The campaign is average. It doesn’t do anything special but – trial-and-error stealth missions aside – it never really offends. It has as many nice moments as it does terrible ones. There’s even a dose of replayability with the Custom Missions, which let you vaguely define four parameters (map, mission type, enemy count, difficulty) to create a brief challenge. Ironically, the lack of scripting makes these feel a lot more tactical than the main game itself, and you can even play these through co-operatively with friends. It’s a blast for a short while, but the limited customisation means these missions get quickly repetitive.
Which leads to the next point: the real replayability is surely in what has, since the very first game, been SOCOM’s ace in the hole – multiplayer – but after everything I’ve written so far, would you care to guess as to the quality? Bingo! It’s pretty damn average.

You and 31 others fight it out across wide-open maps that cater to players of every bent: there’s usually high ground for snipers and low trenches for those who love assault rifles. By and large the action is standard but overly chaotic; randomised spawn points and the masses of players mean that there’s a good chance you’ll spawn in enemy crosshairs, and co-ordinating with your swarm of teammates is rather tricky.
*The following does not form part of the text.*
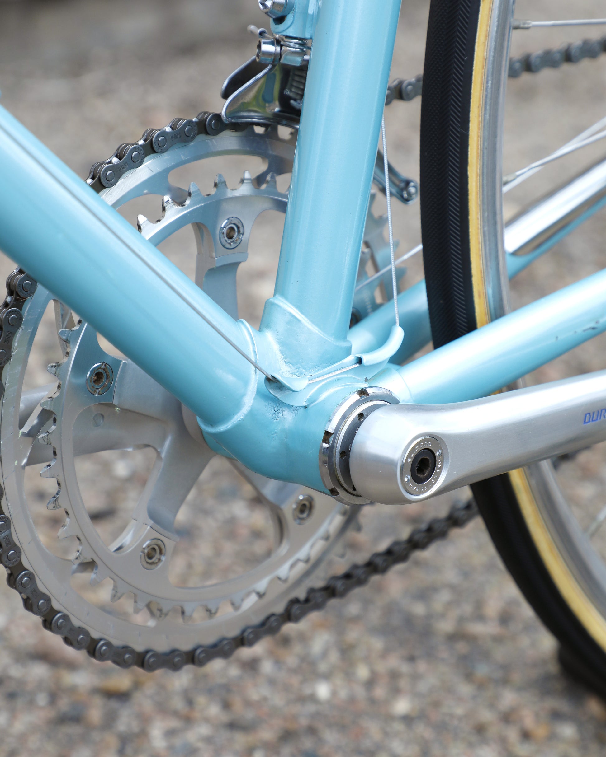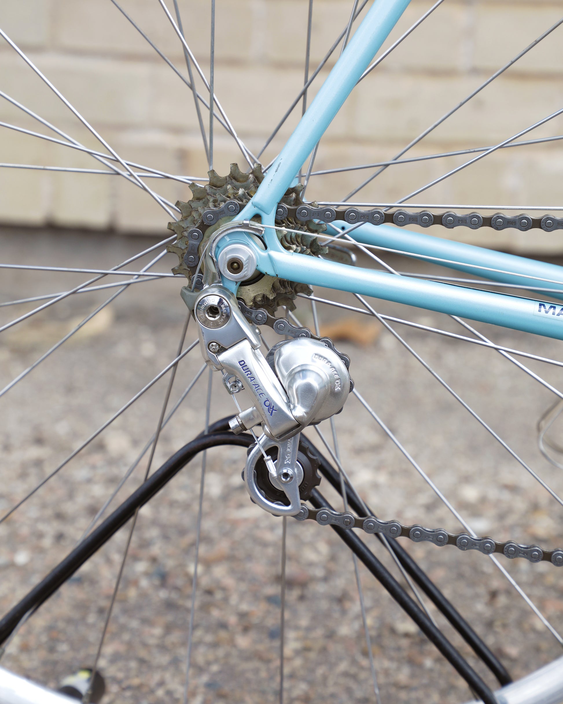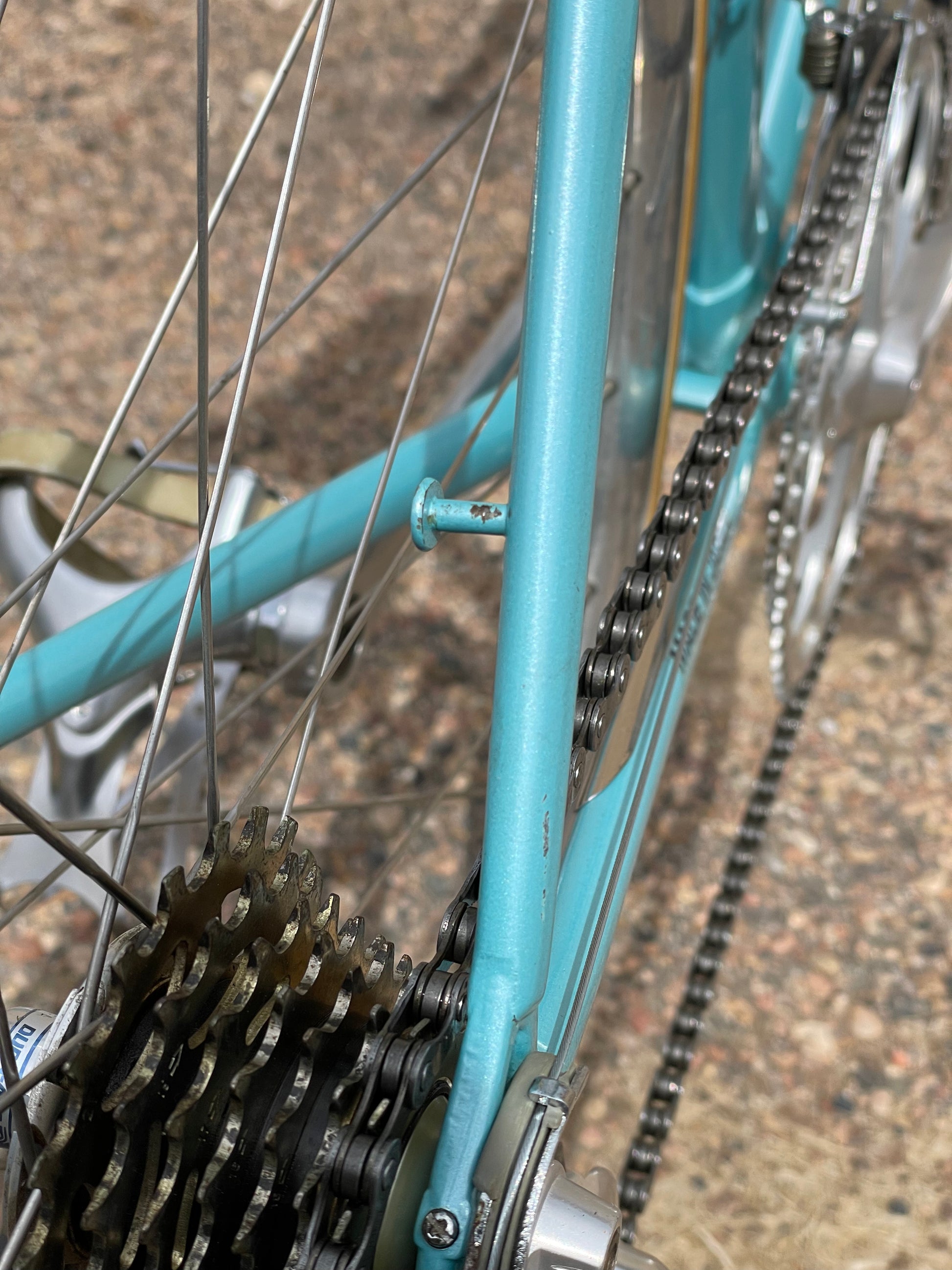 This bike is equipped with a Shimano Dura-Ace 7300 AX group that has been fully refurbished. It's a fast and well tuned in groupset. The frame is in good condition but shows sign of use. There are some marks on the crank side chain/seat stays towards the bottom. The decals show there age but no peeling or fading. There is also a small scuff in the paint on the top of the top tube. No dents, bends, or cracks anywhere in the frame.

The complete chaos, killstreak-based airstrikes, and impossibility of meaningfully working together with your team are fun for a little while but quickly start to bore, and feel massively at odds with the “tactical” manifesto of the gameplay. Throw in regenerating health and a cover system and you end up with what seems, disappointingly, like a cookie-cutter third-person shooter. Purists can turn off some of these features in “classic mode,” but this still doesn’t help SOCOM 4 rise up to become the clever team-based game it clearly wants to be.
SOCOM: Special Forces was obviously designed to be a more accessible experience than its predcessors, but I suspect this will prove to be a mistake. Long-standing SOCOM fans are likely to protest against the changes to the mechanics, while those new to the series are going to wonder what all the fuss was about. The game will certainly provide a weekend’s entertainment, as it’s easy to get mindlessly swept away once you get to grips with how it works, but “mindless” is not a word I should ever have to use when describing a tactical game, and there are oh-so-many better options out there when it comes to pseudo-realistic modern day shooters.